Ritorno alle origini per il regista sudcoreano Kim Ki-Duk, che realizza un film politico e critico

di Alessandra Pappalardo

 

Un film di Kim Ki-Duk. Con Ryoo Seung-Bum, Lee Won-Geun, Choi Gwi-Hwa, Jo Jae-Ryong, Won-geun Lee. Drammatico, 114′. Corea del sud, 2016

Nam Chul-woo è un povero pescatore nordcoreano che nella sua barca ha l’unica proprietà e l’unico mezzo per dare da mangiare a sua moglie e alla loro bambina. Un giorno gli si blocca il motore mentre si sta occupando delle reti in prossimità del confine tra le due Coree e la corrente del fiume lo trascina verso la Corea del sud. Qui viene catturato dalle forze di sicurezza e trattato come una spia.
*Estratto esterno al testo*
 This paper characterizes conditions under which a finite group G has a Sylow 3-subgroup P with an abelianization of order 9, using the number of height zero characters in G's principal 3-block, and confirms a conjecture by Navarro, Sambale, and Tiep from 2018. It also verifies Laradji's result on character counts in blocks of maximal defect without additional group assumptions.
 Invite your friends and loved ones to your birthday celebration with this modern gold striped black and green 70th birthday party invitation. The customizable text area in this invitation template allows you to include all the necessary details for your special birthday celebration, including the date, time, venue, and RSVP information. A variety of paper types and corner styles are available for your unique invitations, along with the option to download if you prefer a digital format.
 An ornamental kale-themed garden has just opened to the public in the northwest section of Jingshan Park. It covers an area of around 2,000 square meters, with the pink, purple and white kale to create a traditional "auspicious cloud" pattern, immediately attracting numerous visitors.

C’è però chi non rinuncia all’idea di poterlo convertire al capitalismo lasciandogli l’opportunità di girare, controllato a distanza, per le strade di Seul.

 

Il regista, sceneggiatore e produttore sudcoreano Kim Ki-Duk ha abituato il pubblico a pellicole raffinate e di grande spessore introspettivo e psicologico – basti pensare a “Ferro 3 – La casa vuota”, leone d’argento alla Mostra del cinema di Venezia 2004, e “Primavera, estate, autunno, inverno… e ancora primavera”.
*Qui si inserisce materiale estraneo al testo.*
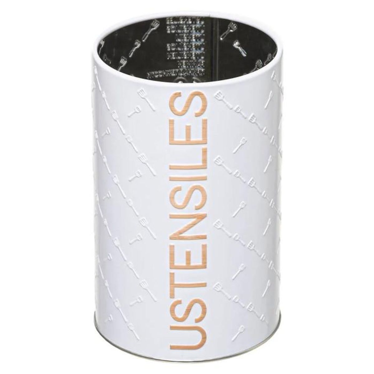 Informations Techniques : Dimensions : D. 11 x H. 17,5 cm Matières : Fer & Etain Spécificités : Pratique & Utile Pot à Ustensiles Forme Ronde Style Scandinave Poids : 0,11 kg Couleur : Blanc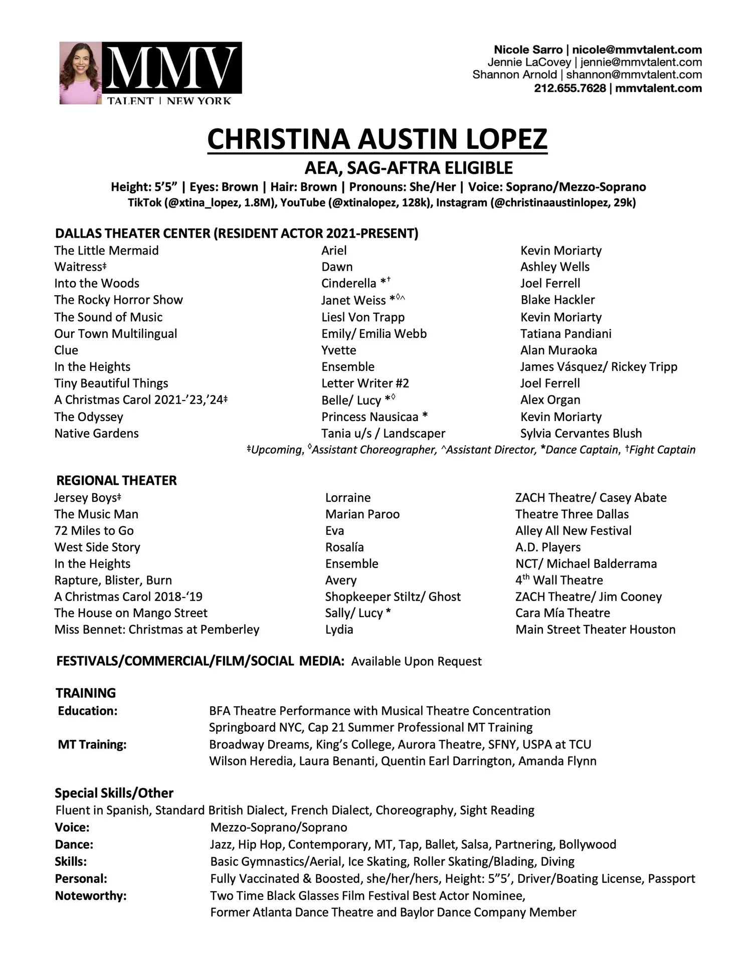 Christina Austin Lopez AEA Actress | Singer | Dancer | Content Creator Headshot & Resume Download Headshot Download Theatre Resume Download Headshot Download Commercial/Film Resume Videos Dance Reel Singing Clips Film/Tv/Commercial Photos Headshots Production Stills Print Work What are people saying?! Read Reviews Here!! Content Creation TikTok Instagram YouTube Download Media Kit Get in Touch! NYC Reps: Nicole Sarro | nicole@mmvtalent.comJennie LaCovey | jennie@mmvtalent.comShannon Arnold | shannon@mmvtalent.comDallas Reps: Rafael Villegas | rafael@kimdawsonagency.comKylie Stevens | kylie@kimdawsonagency.comPersonal Email: christinaaustinlopez@yahoo.com

Con “Il prigioniero coreano”, suo ultimo lavoro, siamo di fronte a una sorta di ritorno alle origini, a un film meno intimista e più politico, dove viene rappresentata una realtà polarizzata tra visioni ideologiche contrapposte in cui l’uomo fatica a destreggiarsi e a sopravvivere.

Nam Chul-woo è un pescatore nordcoreano che, a causa di un’avaria al motore della barca, si ritrova nel territorio della Corea del sud, dove viene catturato e sospettato di essere una spia. L’unico suo desiderio è tornare a casa dalla famiglia, ma questa volta è lui ad essere rimasto intrappolato in una rete, in un mondo che non gli appartiene.

Le lusinghe del capitalismo non sembrano essere per Nam la minaccia principale. Se si rifiuta di guardare Seul è perché il solo fatto di vedere qualcosa potrebbe essere fonte di problemi una volta tornato nella sua Corea. Quando però è costretto a farlo vede una realtà contraddittoria e corrotta e ne rileva le incongruenze.

Il film – che ha il limite di risultare ripetitivo in alcune sequenze – è costruito immaginando una visione dialettica, come se le due Coree, in apparenza così distanti, fossero l’una lo specchio dell’altra, entrambe distorte da un’ideologia accecante.

Il protagonista finisce per essere in una posizione di svantaggio comunque lo si guardi – traditore per la Corea del nord, spia per quella del sud. Nonostante questo, con estremo coraggio, non tradisce mai i suoi valori e la sua famiglia. Basterà per fare ritorno a casa?

Kim Ki-Duk si dimostra, ancora una volta, capace di cogliere anche le più piccole sfumature del reale, dando vita a personaggi credibili e ricchi di sfaccettature, e non deludendo lo spettatore sotto il profilo della qualità della narrazione e della carica emotiva.